Tiangong (Chinese: 天宮; pinyin: Tiāngōng; lit. 'Palace in the Sky'),[5][6] officially the Tiangong space station (Chinese: 天宫空间站; pinyin: Tiāngōng kōngjiānzhàn), is a space station being constructed by China in low Earth orbit between 340 and 450 km (210 and 280 mi) above the surface. Being China's first long-term space station, it is the goal of the "Third Step" of the China Manned Space Program. Once completed, Tiangong will have a mass between 80 and 100 t (180,000 and 220,000 lb), roughly one-fifth the mass of the International Space Station and about the size of the decommissioned Russian Mir space station.

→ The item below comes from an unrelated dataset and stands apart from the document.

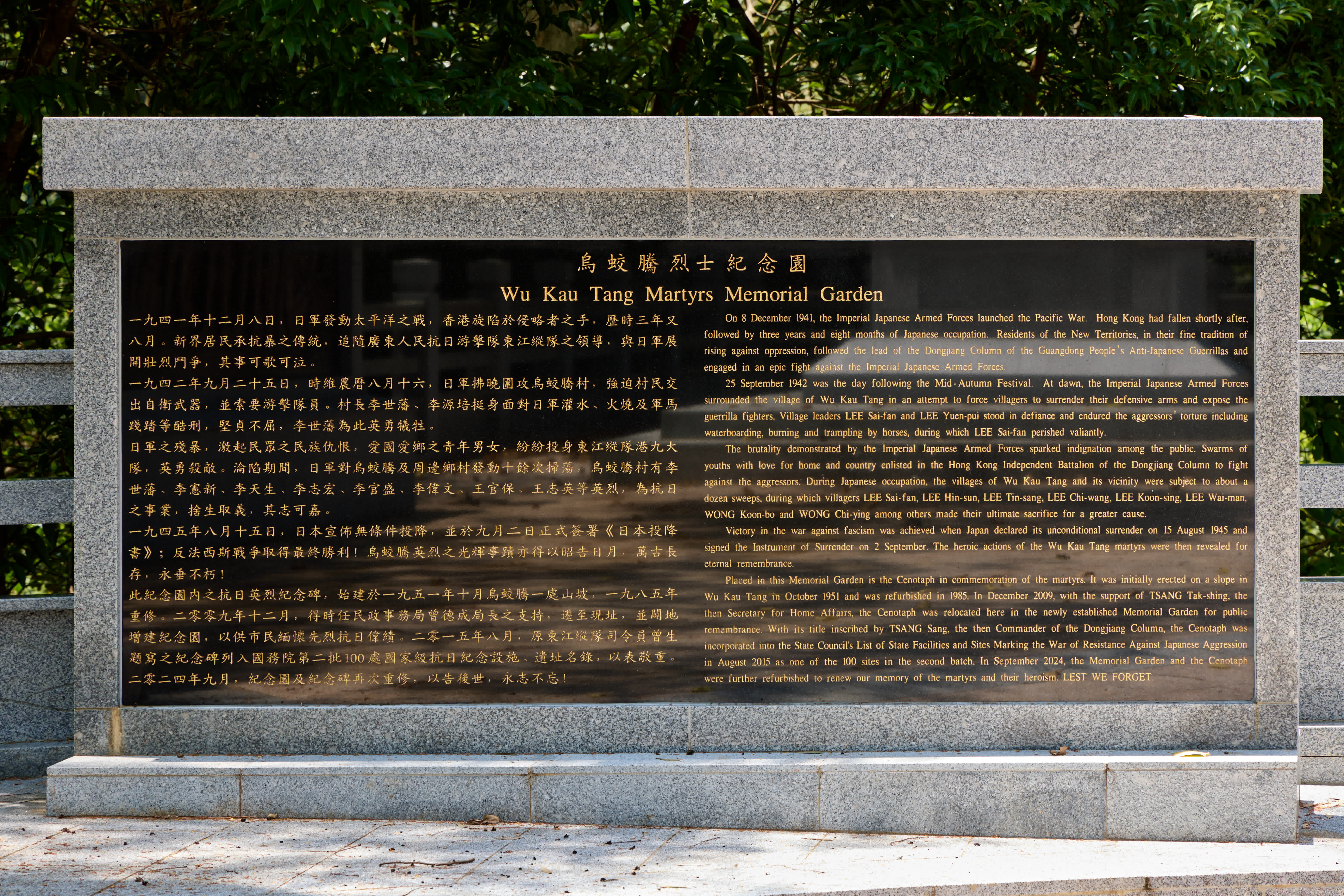 纪念碑于二〇〇九年获政府出资重置至现址及于二〇一〇年九月二十三日开幕。乌蛟腾抗日英烈纪念碑见证乌蛟腾村村民及东江纵队港九独立大队在抗日历史中发挥的重要角色。乌蛟腾抗日英烈纪念碑于二〇一五年八月十三日,获中华人民共和国国务院列入第二批《国家级抗战纪念设施、遗址名录》。

The construction of the station is based on the experience gained from its precursors, Tiangong-1 and Tiangong-2.[7][8][9] The first module, the Tianhe ("Harmony of the Heavens") core module, was launched on 29 April 2021,[5][6] followed by multiple crewed and uncrewed missions and two more modules to be launched in 2022.[7] Chinese leaders have expressed the hope that the research conducted on the station will improve researchers' ability to conduct science experiments in space, beyond the duration and capacity offered by China's existing space laboratories.[10]

Nomenclature[edit]

It has been attributed to former paramount leader Deng Xiaoping for the decision[citation needed] that the names used in the space program, previously all chosen from the revolutionary history of the People's Republic, would be replaced with mystical-religious ones. Thus, the new Long March launch vehicles were renamed Divine Arrow (神箭),[11][12] space capsule Divine Vessel (神舟),[13] spaceplane Divine Dragon (神龙),[14] land-based high-power laser Divine Light (神光)[15] and supercomputer Divine Might (神威).[16]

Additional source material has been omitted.